Canavier (1999) and Komendantov et al. (2004) introduced a more morphologically realistic model, which allowed for electrical coupling among the compartments to be fitted to experimentally measured voltage gradients and spike attenuation. In accord with the earlier results on the role of NMDA current, bursting activity has been found to be favored by manipulations that enhance the region of negative slope in the whole-cell I-V characteristics and inhibited by those manipulations that dampen this region. In particular, activation of such ohmic (linear) currents as the AMPA or GABA eliminates bursting in the models. On the other hand, modeling predicts that excessive NMDA-induced depolarization also abolishes bursting and can be counteracted by a concurrent increase in the somatic GABAA current. The necessity of an applied hyperpolarizing current for this type of bursting has been explained as counteracting this excessive NMDA-induced depolarization. Additionally, simulated blockade of the SK current facilitated bursting, reproducing experiments with simultaneous bath application of NMDA and apamin.

Limitations

The models were focused on the voltage oscillations underlying bursts, and high-frequency firing was assumed to be a simple consequence of the depolarizing phase of the above oscillation. However, this is not the case for the DA neuron, in which action potential generation rapidly fails during depolarizing current injection.

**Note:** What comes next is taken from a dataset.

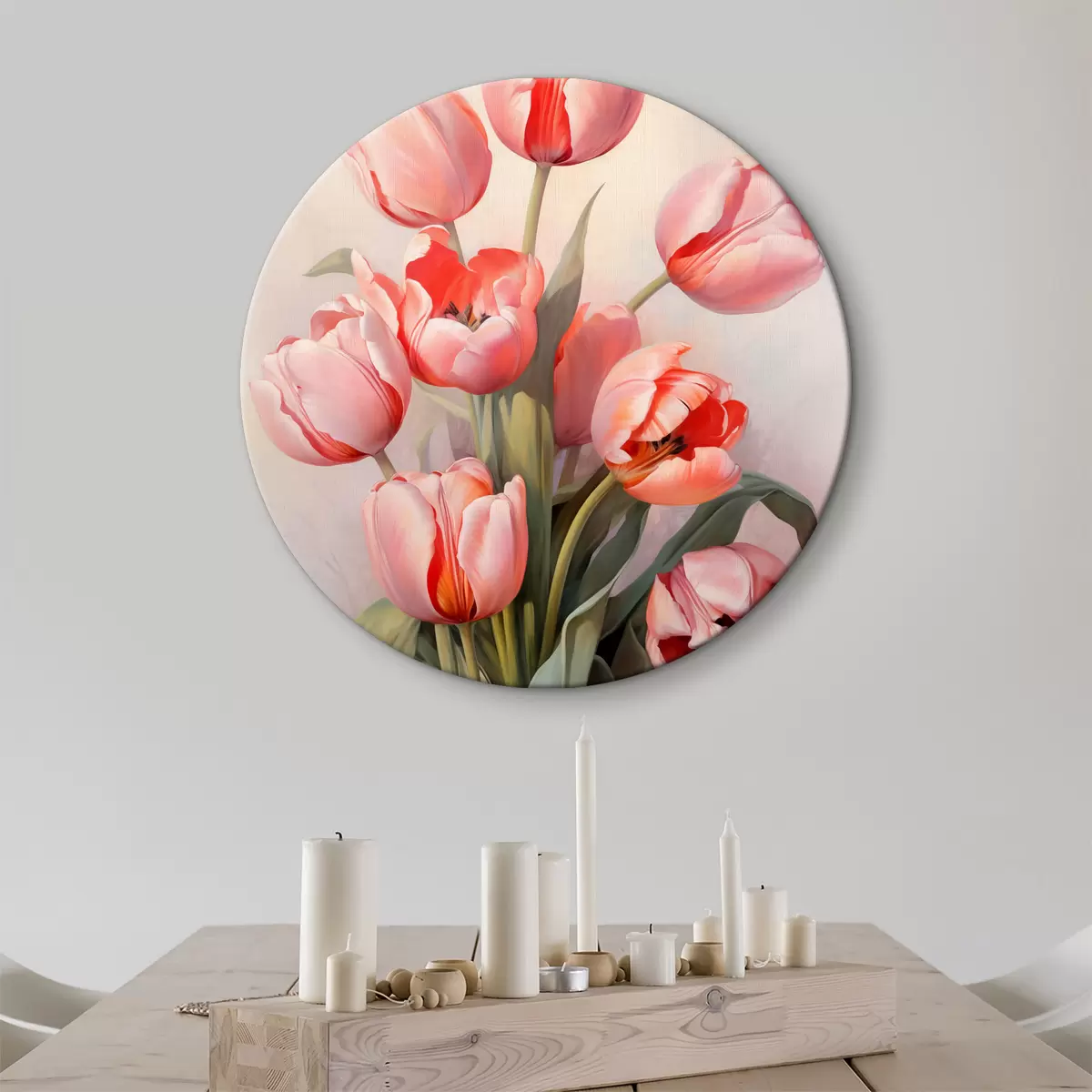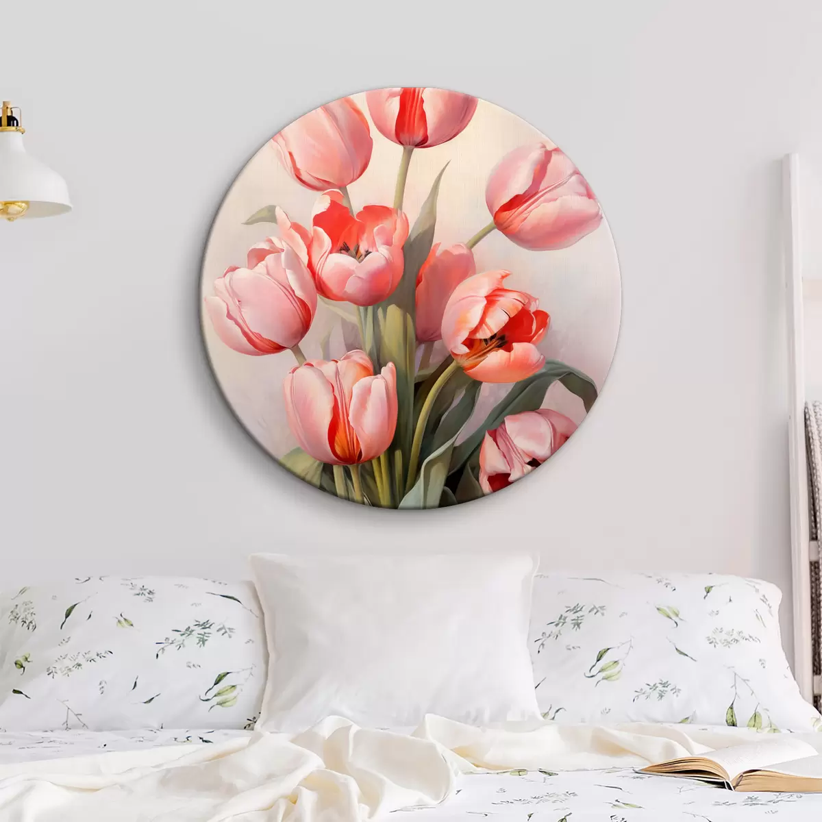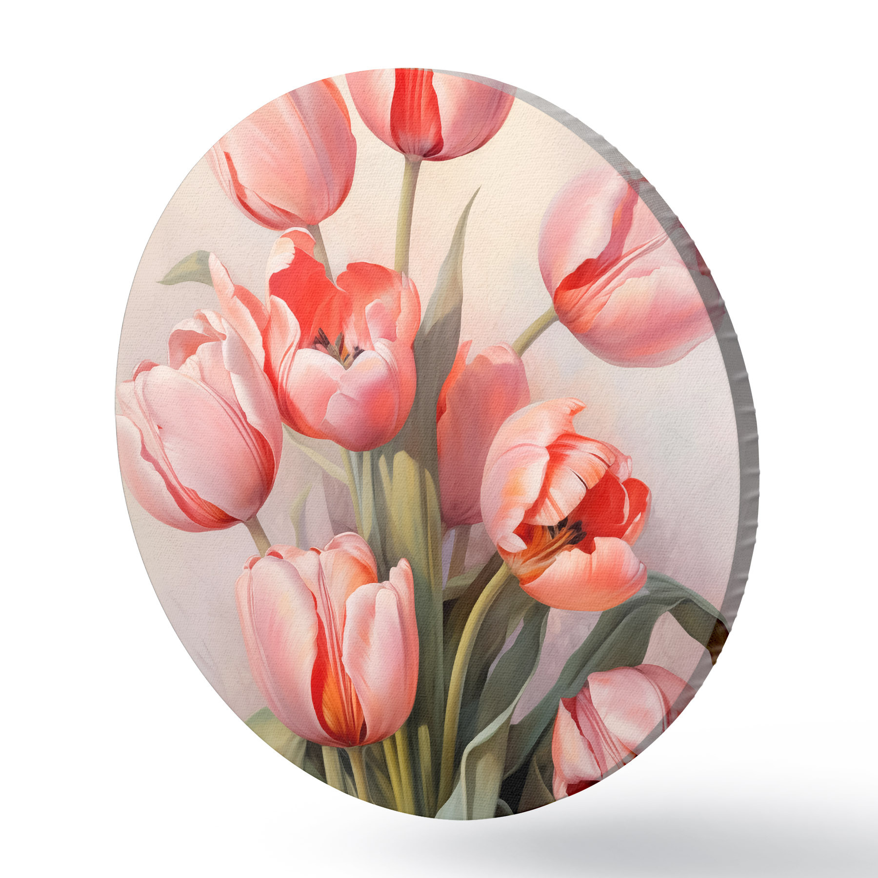 Apaļas gleznas Rozā sarkanas tulpes uz vieglas eļļas gleznas r39832

The model without spikes (Canavier 1999) does not address this question at all, while the major limitation of the models with spikes (Li et al. 1996, Komendantov et al. 2004) is the hyperexcitability of the spike-producing mechanism. The ability to generate repetitive spiking due to the fast sodium and delayed rectifier potassium currents gives not only an abnormally elevated spiking frequency in the bursts, but also rebound bursting in the model by Lee et al. (1996) and other effects which have not been seen in the DA neuron.

Apamin-induced bursting

Based on the persistence of the underlying plateau potential oscillation under blockade of spikes, the spike-producing currents have been excluded from models (Amini et al. 1999, Canavier et al. 2007). Both models had only one compartment based on the assumption that the plateau potential oscillations are generated near the soma. The same assumptions on ionic balance as in modeling of the SOP have been made. In the presence of apamin, Amini et al. (1999) suggests calcium-mediated inactivation of the calcium current as responsible for the repolarization of the plateau potential oscillation. By contrast, Canavier et al. (2007) includes a slow delayed rectifier (ether-a-go-go, ERG) current for such repolarization.

Figure 4: Subthreshod voltage oscillations: (A) control, (B) apamin application. Reproduced from Amini et al. (1999) with permission.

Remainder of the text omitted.